In identifying its operating segments, management generally follows the
Company's service lines which represent the main products and services
provided by the Company. The Directors believe that the Company's continuing
investment operations comprise one segment.
FINANCIAL ASSETS
The Company's financial assets comprise investments, cash and cash equivalents
and loans and receivables, and are recognised in the Company's statement of
financial position when the Company becomes a party to the contractual
provisions of the instrument.
FINANCIAL ASSETS INVESTMENTS
CLASSIFICATION OF FINANCIAL ASSETS
The Company holds financial assets including equities and debt securities. The
classification and measurement of financial assets at 31 December 2023 is in
accordance with IFRS 9.
On the initial recognition, the Company classifies financial assets as
measured at amortised cost or FVTPL. A financial asset is measured at
amortised cost if it meets both of the following conditions and is not
designated as at FVTPL:
· It is held within a business model whose objective is to hold
assets to collect contractual cash flows; and
· its contractual terms give rise on specific dates to cash flows
that are Solely Payments of Principal and Interest (SPPI).
All other financial assets of the Company are measured at FVTPL.
BUSINESS MODEL ASSESSMENT
In making an assessment of the objective of the business model in which a
financial asset is held, the Company considers all of the relevant information
on how the business is managed, including:
· the documented investment strategy and the execution of this
strategy in practice. This includes whether the investment strategy focuses on
earning contractual interest income, maintaining a particular interest rate
profile, matching the duration of the financial assets to the duration of any
related liabilities or expected cash outflows or realised cash flows through
the sale of the assets;
· how the performance of the portfolio is evaluated and reported to
the Company's management;
· the risks that affect the performance of the business model (and
the financial assets held within that business model) and how those risks are
managed;
· how the investment advisor is compensated e.g. whether
compensation is based on the fair value of the assets managed or the
contractual cashflows collected
IFRS 9 subsection B4.1.1-B4.1.2 stipulates that the objective of the entity's
business model is not based on management's intentions with respect to an
individual instrument, but rather determined at a higher level of aggregation.

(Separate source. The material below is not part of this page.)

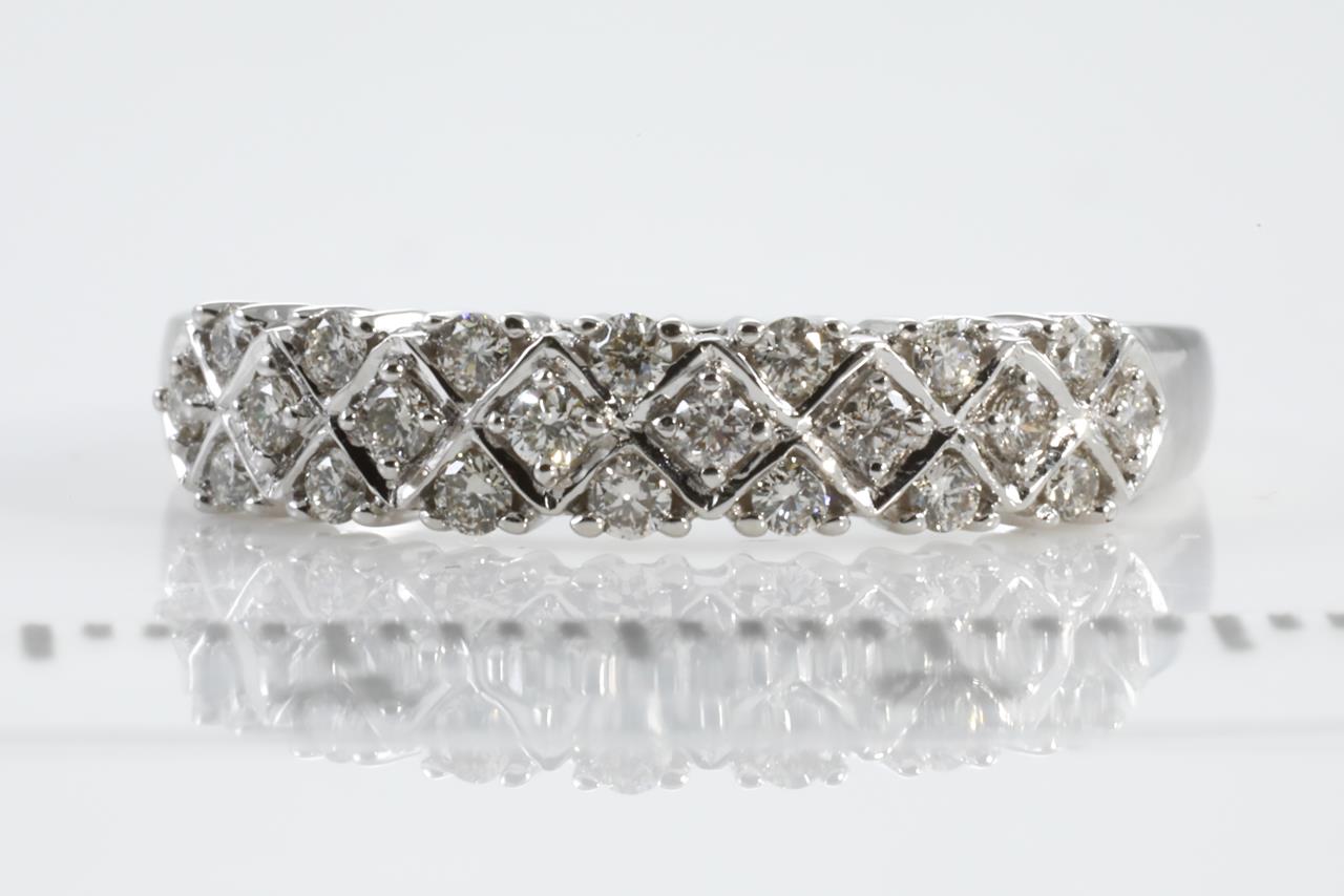 Diamond dress ring with round Diamond totalling 0.25cts (Estimated grading: H SI). 14ct white gold. Ring size L. Weight: 2.1g (New).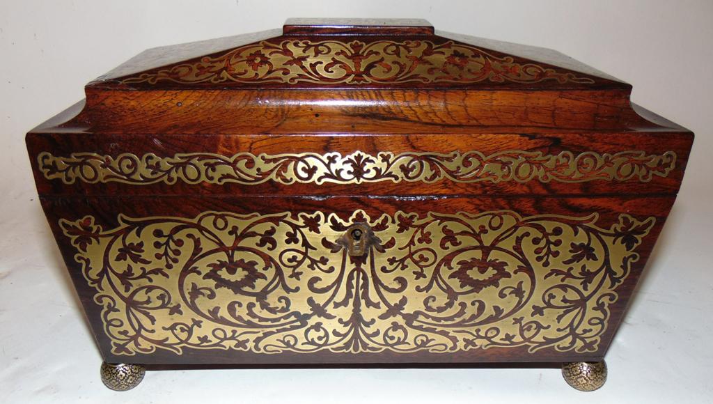 Regency Rosewood & Brass Inlaid Tea Caddy

The assessment needs to reflect the way that an entity manages its business.
The company has determined that it has two business models.
· Held-to-collect business model: this includes cash and cash
equivalents, balances due from brokers and other receivables. These financial
assets are held to collect contractual cash flows.
· Other Business model: this includes structured finance products,
equity investments, investments in unlisted private equities and derivatives.
These financial assets are managed and their performance is evaluated, on a
fair value basis with frequent sales taking place in respect to equity
holdings.
VALUATION OF FINANCIAL ASSET INVESTMENTS
Investment transactions are accounted for on a trade date basis. Assets are
de-recognised at the trade date of the disposal. Assets are sold at their fair
value, which comprises the proceeds of sale less any transaction cost.
Financial asset investments are categorised as either Level 1, Level 2 or
Level 3 investments as set out in Note 15. The fair value of Level 1 financial
asset investments in the balance sheet is based on the quoted bid price at the
balance sheet date, with no deduction for any estimated future selling cost.
The valuation of Level 2 and Level 3 financial asset investments are set out
in note 15. Changes in the fair value of investments held at fair value
through profit or loss and gains and losses on disposal are recognised in the
consolidated statement of comprehensive income as "Net gains/(losses) on
investments". Investments are initially measured at fair value plus incidental
acquisition costs. Subsequently, they are measured at fair value. This is
either the bid price or the last traded price, depending on the convention of
the exchange on which the investment is quoted.
DERIVATIVE FINANCIAL INSTRUMENTS
Derivative financial instruments include forward currency contracts.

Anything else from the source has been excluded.